In Trouw heeft een kort artikel gestaan, dat vooral gaat over enkele van de vele maatschappelijke consekwenties van het positivisme: ‘We slaan door in onze cijfergekte’. Klikt u hier voor dat artikel.
Aan het slot van dat artikel kunt u doorklikken naar het Trouw-artikel ‘Cijfers maken het leven niet veiliger’ van de criminoloog drs. Frans Kets over het positivisme bij de politie.

Naar aanleiding van de studiemiddag Positivistische psychologie: geslaagd of mislukt? van 8 november 2006 (klikt u hier voor meer informatie) heeft Vervaet een vervolg gegeven aan zijn brief van 28 april (en 11 mei). Klikt u hier voor die brief.

===o===

2 Vervaets brief aan de KNAW van 28 april 2006

Aan het bestuur van de Koninklijke Academie van Wetenschappen

Amsterdam, 28 april 2006,

Geachte,

Bij deze verzoek ik de Koninklijke Nederlandse Academie van Wetenschappen een discussie te openen over de positivistische onderzoeksmethode in het algemeen en die in de psychologie in het bijzonder.

Na mijn studie natuurkunde heb ik psychologie gedaan. Tijdens die tweede studie werd op diverse colleges een positivistisch beeld van de natuurwetenschappen gegeven, dat me vreemd voorkwam. Volgens dit positivisme, waarin men onder meer met puntsschalen, correlatiecoëfficiënten en regressieanalyses werkt, komt kennis uit waarnemingen voort en dienen onderzoekers feiten in getallen te vatten om daar via formules nader aan te rekenen en aldus kennis te verkrijgen. Voorbeelden zijn de bepaling van iemands score in een IQ-test, in een persoonlijkheidsvragenlijst en in een meerkeuzetoets van het Cito.

Mijn proefschrift Strukturalistische verkenningen in kennisleer en persoonlijkheidsleer (1986) behandelt niet alleen de persoonlijkheid als zelfkennissysteem, maar ook de epistemologische en methodologische grondslag van de persoonlijkheidsleer. Het proefschrift beschrijft en demonstreert epistemologische en methodologische kwesties op empirische in plaats van louter beschouwende wijze. Dit gebeurt aan de hand van de geschiedenis van het denken over zwaartekrachtverschijnselen vanaf Atlas als drager van het hemelgewelf via Plato, Copernicus, Newton en vele anderen tot en met Einsteins algemene relativiteitstheorie. Na mijn promotie heb ik dat onderzoek voortgezet in verschillende studies, zoals die naar de spectraalanalyse (omdat een testconstructeur die met een IQ-test vergeleek) en kleurenblindheidsplaten (omdat testpsychologen die als geslaagde psychometrische tests duiden) en die naar de verschillende soorten statistiek in het algemeen en de statistische methode van het positivisme in het bijzonder.

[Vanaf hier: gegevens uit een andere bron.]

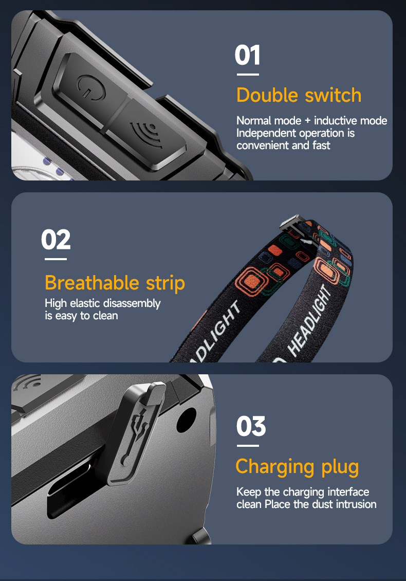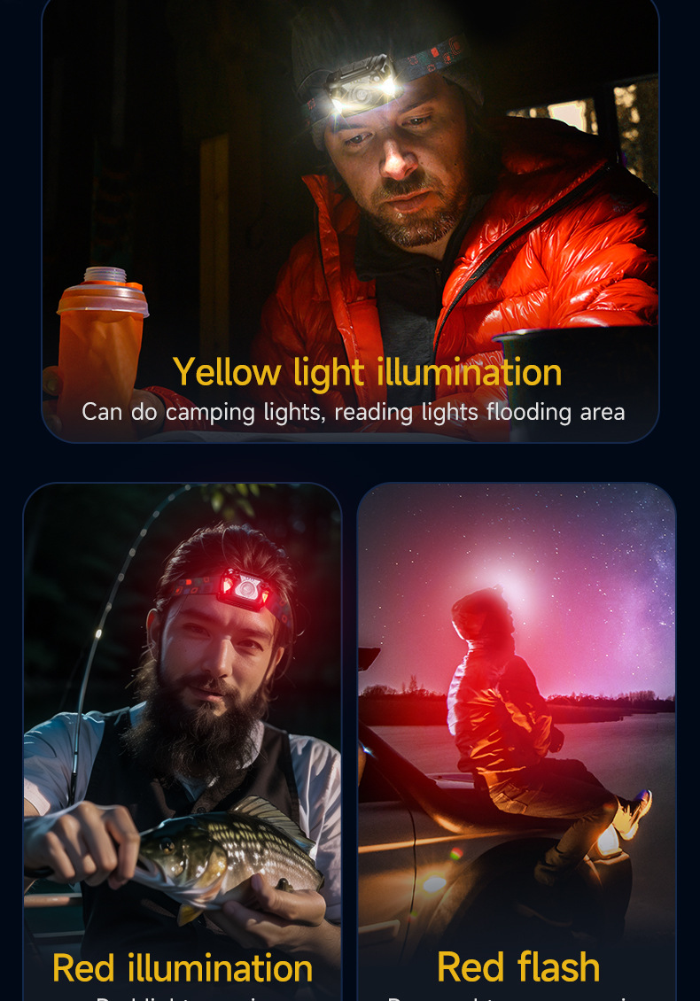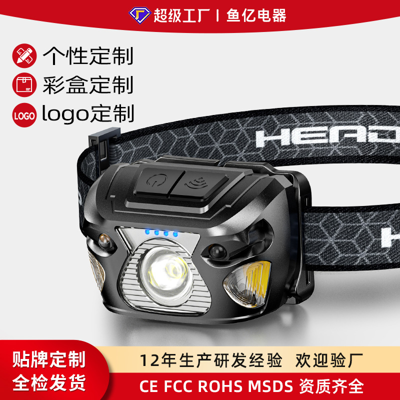 강한 빛 led 유도 usb 충전 긴 수명 낚시 헤드 라이트 미니 빨간 머리 장착 야외 승마 작업 조명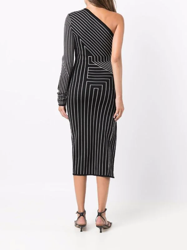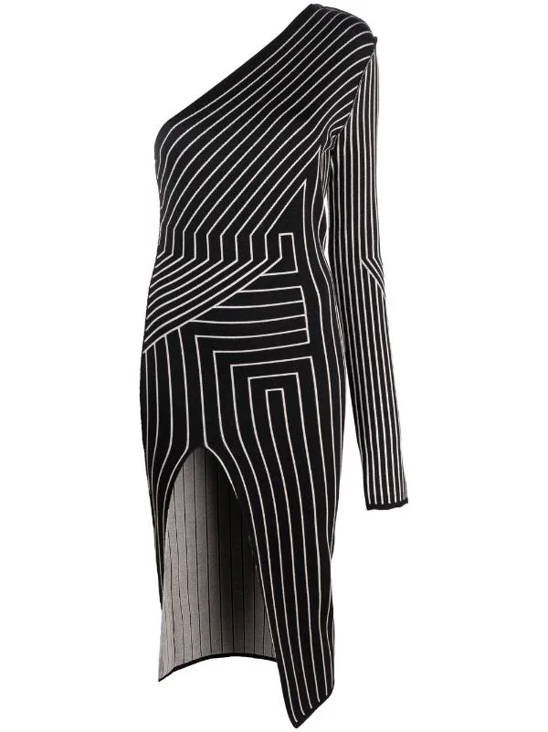 Motif géométrique, design asymétrique à une épaule, fente latérale, hauteur genou.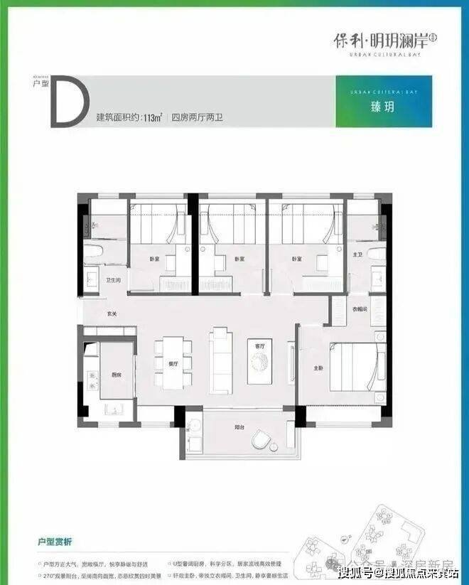 113㎡的4房2厅2卫,设计的是横厅南北通透格局,客餐厅实测5.89米开间,进门独户玄关,主卧大套间,U型厨房,公卫三段式分离设计,得房率:77.57%(不含赠送),主朝西南或东南向。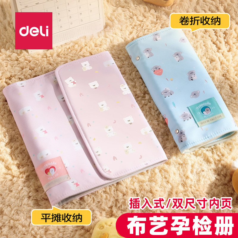 📚 得力PQ921布艺产检收纳册孕检报告册孕妈妈资料袋孕期怀孕记录册
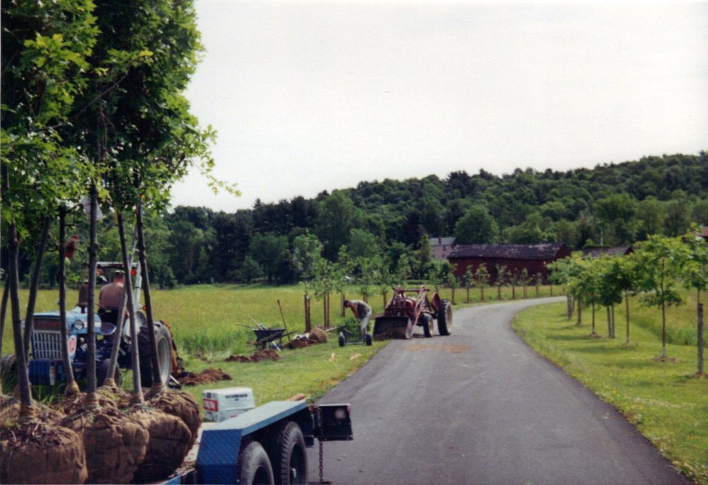 Over 20 years ago (1997) Herb Techmer, his father Horst and friend Dietrich lined an entry with Red Oak trees leading to the Culinarian’s Retirement Home in New Paltz, NY. Herb is operating the blue tractor on left. Horst Techmer was taking the photo.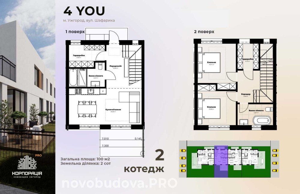 Продаж чудового котеджу з терасою та 2-ма гардеробними у котеджному комплексі “4 YOU”, розташованому у гарному розвиненому р-ні Доманинців. Поруч ліс, канал, річка, свіже повітря. Усього 5 хв. на авто (3 км) до центру міста – пл. Корятовича.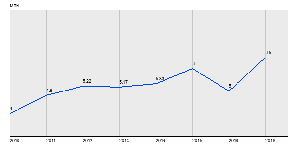 4 млн. руб, а в 2019 году - 6.5 млн. руб. Таким образом, средняя стоимость однокомнатных квартир в районе "Марьино" за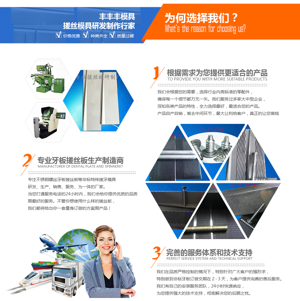 我們始終抱持著勤、誠、信的原則,致力于螺絲牙板、搓絲板產品專業廠商。多年來,由于全體同仁的勤奮、誠樸與使用客戶的支持與信任。造就三豐牙板品牌在業界樹立的良好形象,也建立了品質保證的優良信譽。勤、誠、信是三豐牙板全體同仁共同遵循的中心理念,更是我們服務客戶的宗旨。主營產品:不銹鋼搓絲板,不銹鋼機絲倒角切平牙板,D/W雙線單出(ss)墻用細牙搓絲板,機絲束桿圓尾牙板,機絲帶圈位螺絲牙板,高低牙自攻牙板,機絲帶溝五溝牙板,不銹鋼扭花紋搓絲板,牛仔釘牙板,直齒搓花板等搓絲模具。產品可滿足國標(GB)、德標(DIN)、美標(ANSI)、日標(JIS)、國際標準(ISO)等各種國際通用標準,并能根據客戶實際要求,設計訂做各種特殊非標規格...
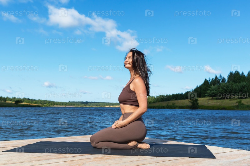 Счастливая женщина, тренер по йоге в спортивной одежде, сидит босиком на коврике у озера, довольная перед началом тренировки на природе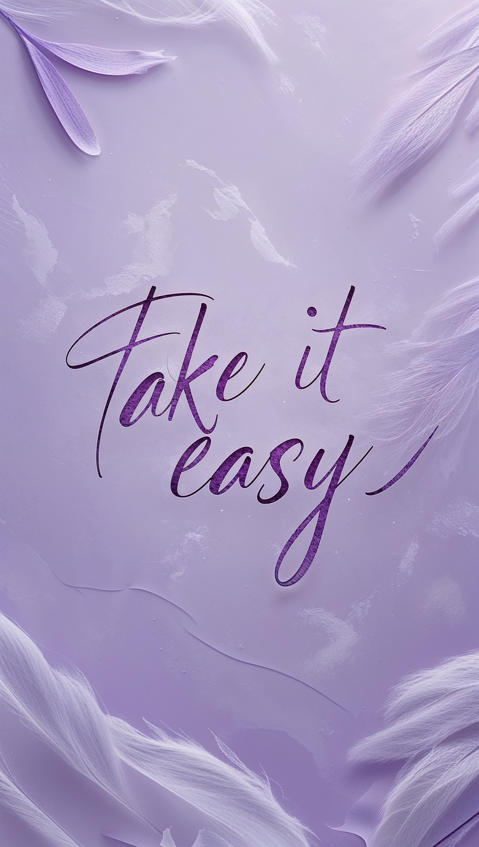 1664x2944 “Take it easy” handwritten quote on pale lilac background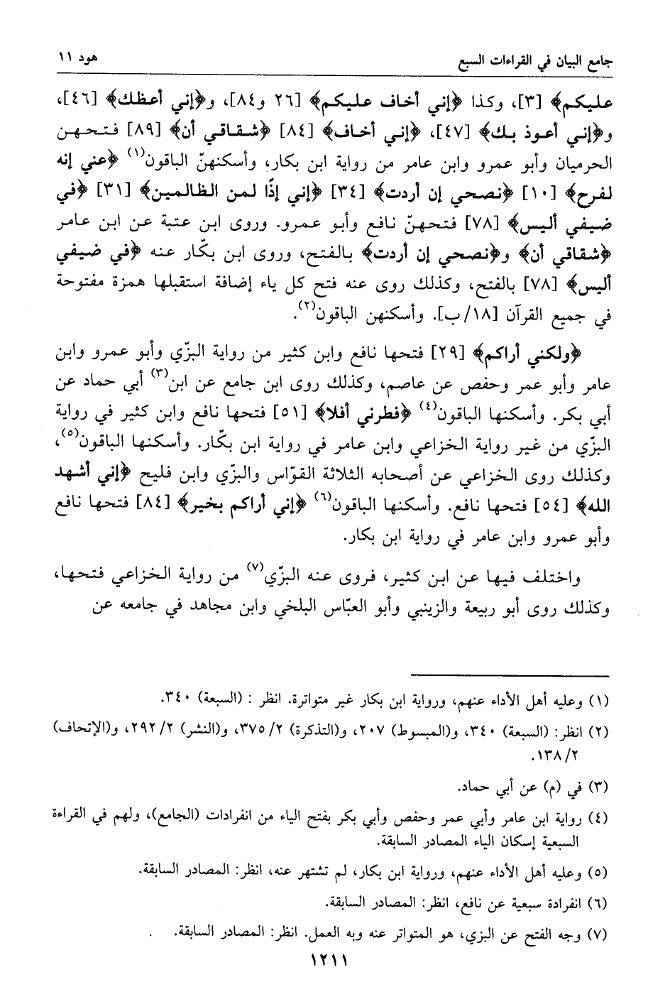 عليكم [3]، وكذا إني أخاف عليكم [26 و 84]، وإني أعظك [46]، وإني أعوذ بك [47]، إني أخاف [84] شقاقي أن [89] فتحهن الحرميان وأبو عمرو وابن عامر من رواية ابن بكار، وأسكنهنّ الباقون «1» عني إنه لفرح [10] نصحي إن أردت [34] إني إذا لمن الظالمين [31] في ضيفي أليس [78] فتحهنّ نافع وأبو عمرو. وروى ابن عتبة عن ابن عامر شقاقي أن ونصحي إن أردت بالفتح، وروى ابن بكّار عنه في ضيفي أليس [78] بالفتح، وكذلك روى عنه فتح كل ياء إضافة استقبلها همزة مفتوحة في جميع القرآن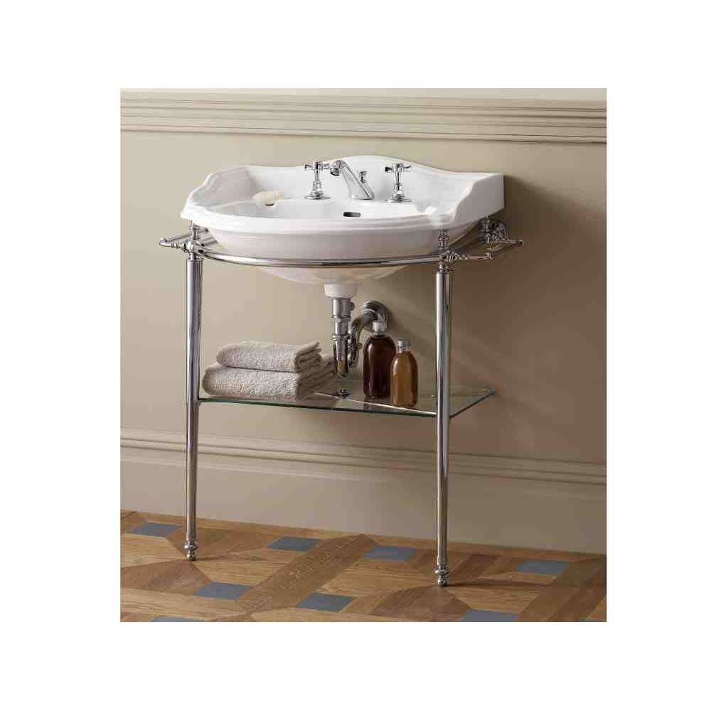 Inspirowana klasyką konsola z delikatną białą ceramiczną umywalką Oxford i wygodną szklaną półką.

Bijgaand artikel ‘Het positivisme en zijn ongeldigheid’ vat mijn bevindingen samen. Mijn drieledige conclusie luidt:

de stelling van het positivisme dat kennis uit waarnemingen voortkomt, is niet houdbaar; kennis wordt verworven door verklarend en toetsend te werk te gaan (§3, I);

de stelling van het positivisme dat feiten in getallen gevat dienen te worden, is niet houdbaar; zinvolle getallen vloeien voort uit houdbaar bevonden verklaringen (§3, II);

de statistische methode waarmee positivistische getalstoekenningen en berekeningen worden uitgevoerd, draagt niet bij aan kennisverwerving en is daar principieel ook niet toe in staat. (§4).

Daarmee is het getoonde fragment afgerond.